Ярцев посмотрел на него с сочувствием и вспомнил, какой он был в начале рейса: пухлый, восторженный, деловитый. От былой пухлости не осталось и следа, лицо стало строже, энергичней, восторженности в глазах поубавилось, но удивление осталось, и очень симпатичная искренность в нем была, непосредственность, которой обычно первые помощники не отличаются.

— Кто его знает, Василь Василич, что еще. Но если бы всего этого было достаточно, мы бы давно уже жили в золотом веке. Что-то еще должно быть. Каких-то связей не хватает…

— Вот я и пытаюсь разобраться… Или женщин возьмите. Без них бы здоровей была обстановка. Зачем они в море? Может быть, и нет ничего, а кто-то что-то шепнул, и пошло, поехало.

— Вы имеете в виду что-нибудь конкретное? — спросил Олег.

— Да вот, Рыжова Наташа. Вы меня извините… визиты эти частые… говорят, что она у вас, что она и вы… — мучительно смущаясь, подыскивал он нужное слово.

— Ну нет, на этот счет вы можете не волноваться, — успокоил его Олег. — У меня одна привязанность, давняя и без взаимности — КЭТ.

— Это еще кто такая? — встревожился помполит.

— Да есть тут в машине одна системочка.

— А, ну ладно. Извините, ради бога, — помполит вытер платком выступивший пот.

— Да не расстраивайтесь вы так, Василь Васильевич, — успокоил его Олег. — Ничего страшного не происходит.

— Ну как же не страшно… Ну как же, — в голосе его слышалось отчаяние. — Неужели и вы не понимаете? Моряки ведь народ особый, они передовые, разведчики, можно сказать. По всему свету ходят, видят, как там живут, не маленькие, сравнивают. Пусть не все у нас еще есть, но мы ведь понимаем почему и не жалуемся. У нас есть другое, настоящее, чему не в деньгах выражение. А тут, смотрите, каждый сам по себе, в кают-компании ни одного человека — какие-то увлечения странные, гороскоп, буковки вырезают, слова наклеивают. Это ведь взрослые люди!.. Я в языках не силен, скажите, они там ничего неприличного не пишут?

— Нет, что вы, это названия фирм.

— Каких фирм? Для чего? — удивился помполит.

— Тлетворное влияние Запада.

— Нет, серьезно, объясните мне.

— Что тут объяснять? Фирма гарантирует и пришивает на изделии свою этикетку, как и у нас. Так в основе было. Ну, а теперь несколько иначе: появились престижные товары. Сама по себе себестоимость товара очень низка, но если на ней есть этикетка хорошей фирмы, то же изделие продается в два, три раза дороже.

— Так это же ерунда! Значит, оценивается не труд, а этикетка?

— Выходит, что так — «не вещь, а отношение».

— Нет, позвольте, это же невозможно! Нарушается сама сущность материальных отношений. Какой-то безликий символ стоит больше, чем сама вещь!
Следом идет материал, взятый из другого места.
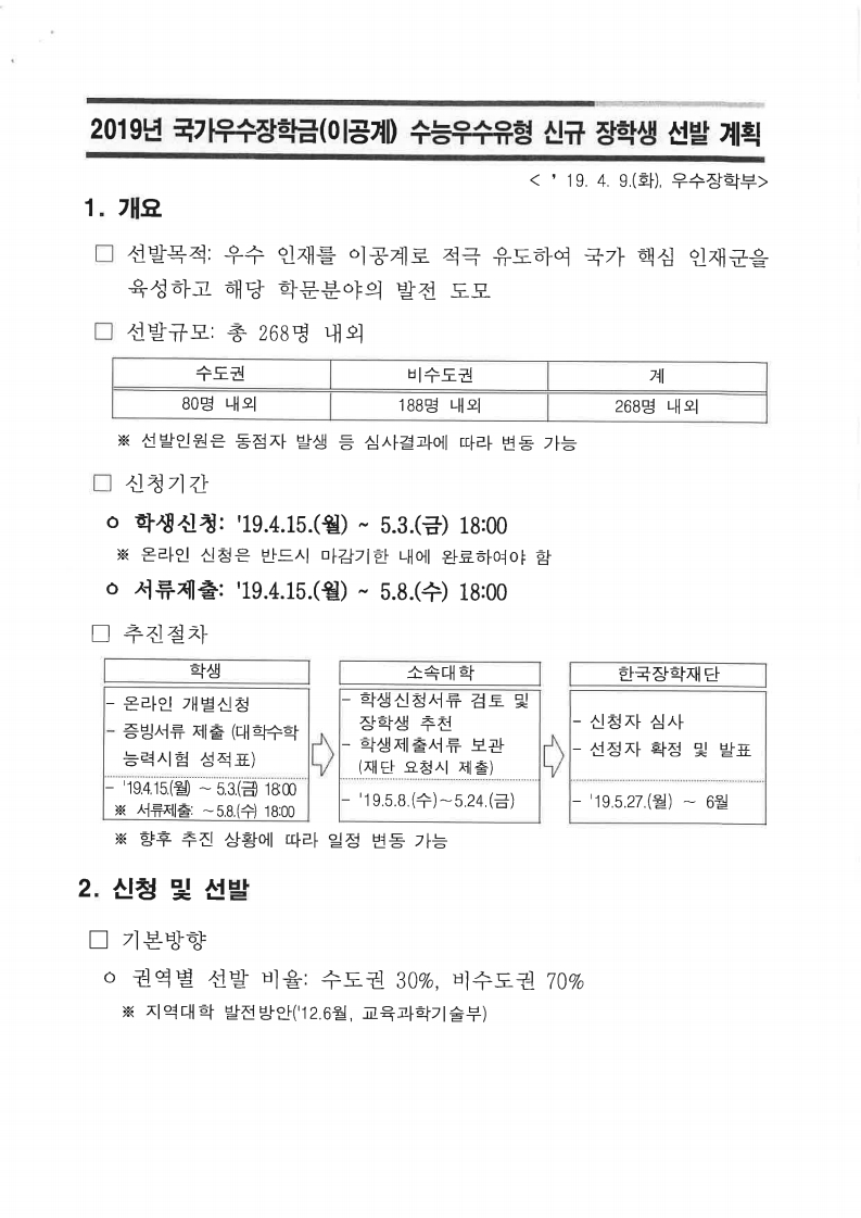 | [장학안내]2019학년도 국가우수장학금(이공계) 수능우수유형 신규 장학생 선발 안내 | |

Чем труд, затраченный на нее!

— Чему вы удивляетесь, Василь Василич, в обществе потребления нет ничего невозможного, — улыбнулся Олег.

На палубе появились первые бегуны, и Ярцев с помполитом вынуждены были посторониться, чтобы не мешать им. Они сдвинулись к тамбучине трюма, где стоймя был закреплен запасной винт, громадный, в три человеческих роста. Помполит потрогал его бронзовую, изящно выгнутую лопасть.

— Что же это происходит, — не то спросил, не то сказал он.

Он присел на лопасть и показал Ярцеву на место рядом.

— У меня странно вышло. Всю жизнь завидовал морякам, мечтал о море, а вот вырвался только к сорока годам. Мне казалось, что если вы, моряки, вынуждены жить в крайних условиях, в вас должны проявляться какие-то особые ценности. Нет земли под ногами, цветов, деревьев. В железной коробке заперты. Без семьи, без близких. Детей не видеть по нескольку месяцев, и даже не своих, просто детей, мне от этого труднее всего… А флот у нас громадный, суда ходят, рыба ловится. Значит, что? — все хорошо у нас. Люди преодолели ущерб, они стали сильнее, богаче. Я, собственно, затем и пошел в море, чтобы помочь…

Ярцев слушал его внимательно, вдруг что-то произошло, у помполита все так же шевелились губы, менялось выражение лица, но звук пропал, как бывает в фильме. Камера сместилась, приближая с дальнего плана дивную златокудрую фигуру, словно вынесенную на палубу из сверкающего, насыщенного жизнью моря. Выгибая ступню, она сделала шаг, невесомо, словно по воздуху, передвигая стройное тело, движением головы откинула назад волосы, поманила кого-то поднятой рукой.